What it Takes to Survive on The Client Side

His corporate peers were more “MBA-types,” they were wired differently from “agency people.”

MBA-types think of their business as a chess board. Each piece has their function, and the objective is to use them for their strengths.

Marketing agencies? They were pawns. In high supply and ready to be exploited (and maybe even sacrificed) for their highly targeted expertise. Their company came to genuinely rely on marketing agencies for their outside objectivity and continuous fresh ideas from the front lines.

Outsourcing certain specialty tasks to an agency just made solid business sense. As brand manager, he had more in the marketing mix than could be realistically handled in-house.

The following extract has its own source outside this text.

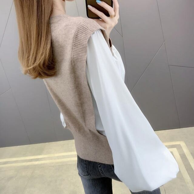 【送料無料】異素材トップス 異素材ニット 切り替え 長袖 重ね着風 カットソー ニットトップス レイヤード カジュアル デート お出かけ 通勤 春 秋冬 20代 30代 40代 グレー ベージュ ブラック TO-455IU

Their agency bought the bandwidth from agencies that allowed them to better focus on the rest of the marketing mix.

“Agencies are wired differently, and that’s good! But it drives me crazy to think of all the opportunities that we missed at the agency. I could have created a more ‘symbiotic’ relationship had we asked all the right questions… We thought that we were the kings and queens, with clients being the pawns in our game. Turns out, it was the opposite.”

He continued: “And that’s the hard part – In order to grow, we will need to rely on agencies to innovate, share ideas and help us grow our brand equity. Our strategy is to find the best pieces we can to win the game.

In other words, the client isn’t dumb. They are the most valuable piece on the chess board.